(Recorded data begins)
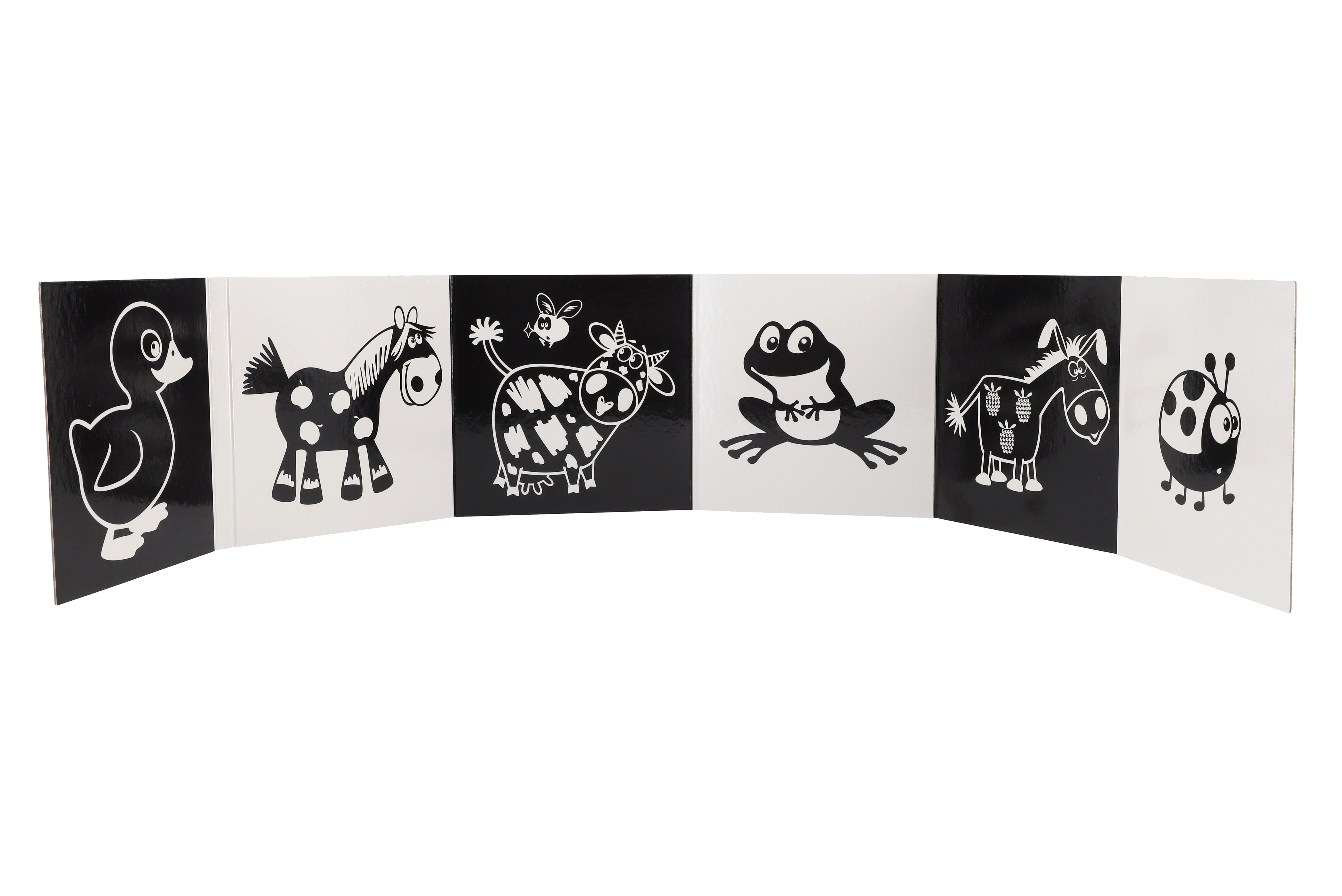 "Rozvíjejte u svého miminka vnímání a lásku ke knihám už od prvních týdnů života" Děti těsně po narození vnímají zejména ostré kontrasty světlých a tmavých ploch, které upoutají jejich pozornost. Proto je toto leporelo vhodné už od prvních týdnů života vašeho miminka, kdy trénuje jeho pozornost. později se podle roztomilých obrázků může učit poznávat jednotlivá zvířátka. Praktický tvar harmoniky umožňuje knížku rozložit a postavit před děťátko, i když zatím není schopno samostatného listování.
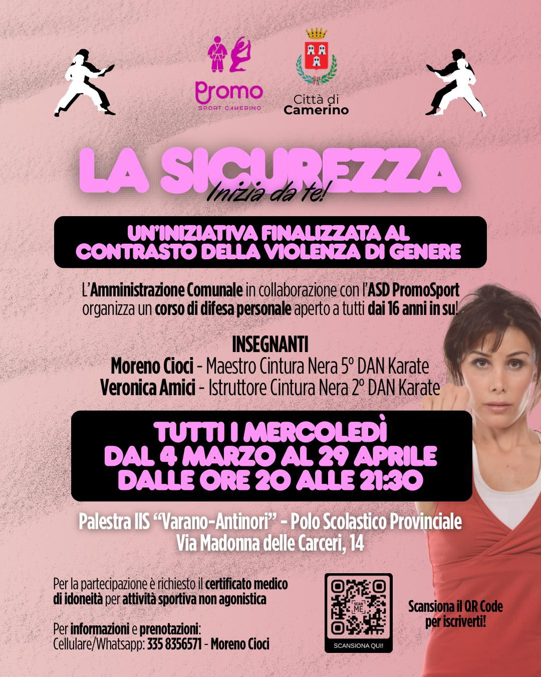 A Camerino prende il via l’iniziativa “La sicurezza inizia da te”, un corso di difesa personale pensato per contrastare la violenza di genere. L’iniziativa, promossa dall’Amministrazione Comunale in collaborazione con Asd PromoSport Camerino, punta offrire strumenti concreti di prevenzione, consapevolezza e autodifesa, unendo alla pratica sportiva anche momenti di sensibilizzazione su un tema di grande attualità e rilevanza sociale L’obiettivo è promuovere una cultura del rispetto, della responsabilità e dell’autotutela, coinvolgendo tutti coloro che hanno almeno 16 anni. «La sicurezza è un diritto fondamentale e deve partire dalla consapevolezza di ciascuno di noi», dichiara il sindaco Roberto Lucarelli. «Con questa iniziativa vogliamo offrire strumenti concreti di prevenzione e allo stesso tempo lanciare un messaggio chiaro: la violenza di genere si combatte anche attraverso educazione, formazione e cultura del rispetto». Il sindaco ringrazia l’ASD PromoSport, l’istruttore Moreno Cioci, ideatore del progetto, e l’istruttrice Veronica Amici per la professionalità e la disponibilità dimostrate verso la comunità. Il corso sarà guidato da: Moreno Cioci, Maestro Cintura Nera 5° Dan di Karate, e Veronica Amici, Istruttrice Cintura Nera 2° Dan di Karate. Le lezioni si terranno tutti i mercoledì, dal 4 marzo al 29 aprile, dalle 20 alle 21.30, presso la palestra dell’IIS “Varano-Antinori”, in Via Madonna delle Carceri 14. Per partecipare è necessario possedere un certificato medico di idoneità per attività sportiva non agonistica. Per informazioni e iscrizioni, è possibile contattare Moreno Cioci al numero 335 8356571.
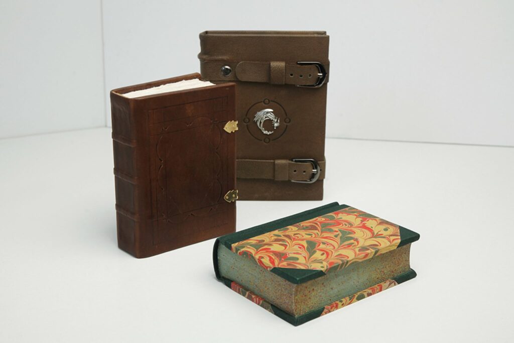 Book binding mock-ups made using various techniques
(Recorded data ends)
_Task requirements:_ When you retype the material above, copy each line exactly and drop whatever images appear in it.

_Exercise output:_
 "Rozvíjejte u svého miminka vnímání a lásku ke knihám už od prvních týdnů života" Děti těsně po narození vnímají zejména ostré kontrasty světlých a tmavých ploch, které upoutají jejich pozornost. Proto je toto leporelo vhodné už od prvních týdnů života vašeho miminka, kdy trénuje jeho pozornost. později se podle roztomilých obrázků může učit poznávat jednotlivá zvířátka. Praktický tvar harmoniky umožňuje knížku rozložit a postavit před děťátko, i když zatím není schopno samostatného listování.
 A Camerino prende il via l’iniziativa “La sicurezza inizia da te”, un corso di difesa personale pensato per contrastare la violenza di genere. L’iniziativa, promossa dall’Amministrazione Comunale in collaborazione con Asd PromoSport Camerino, punta offrire strumenti concreti di prevenzione, consapevolezza e autodifesa, unendo alla pratica sportiva anche momenti di sensibilizzazione su un tema di grande attualità e rilevanza sociale L’obiettivo è promuovere una cultura del rispetto, della responsabilità e dell’autotutela, coinvolgendo tutti coloro che hanno almeno 16 anni. «La sicurezza è un diritto fondamentale e deve partire dalla consapevolezza di ciascuno di noi», dichiara il sindaco Roberto Lucarelli. «Con questa iniziativa vogliamo offrire strumenti concreti di prevenzione e allo stesso tempo lanciare un messaggio chiaro: la violenza di genere si combatte anche attraverso educazione, formazione e cultura del rispetto». Il sindaco ringrazia l’ASD PromoSport, l’istruttore Moreno Cioci, ideatore del progetto, e l’istruttrice Veronica Amici per la professionalità e la disponibilità dimostrate verso la comunità. Il corso sarà guidato da: Moreno Cioci, Maestro Cintura Nera 5° Dan di Karate, e Veronica Amici, Istruttrice Cintura Nera 2° Dan di Karate. Le lezioni si terranno tutti i mercoledì, dal 4 marzo al 29 aprile, dalle 20 alle 21.30, presso la palestra dell’IIS “Varano-Antinori”, in Via Madonna delle Carceri 14. Per partecipare è necessario possedere un certificato medico di idoneità per attività sportiva non agonistica. Per informazioni e iscrizioni, è possibile contattare Moreno Cioci al numero 335 8356571.
 Book binding mock-ups made using various techniques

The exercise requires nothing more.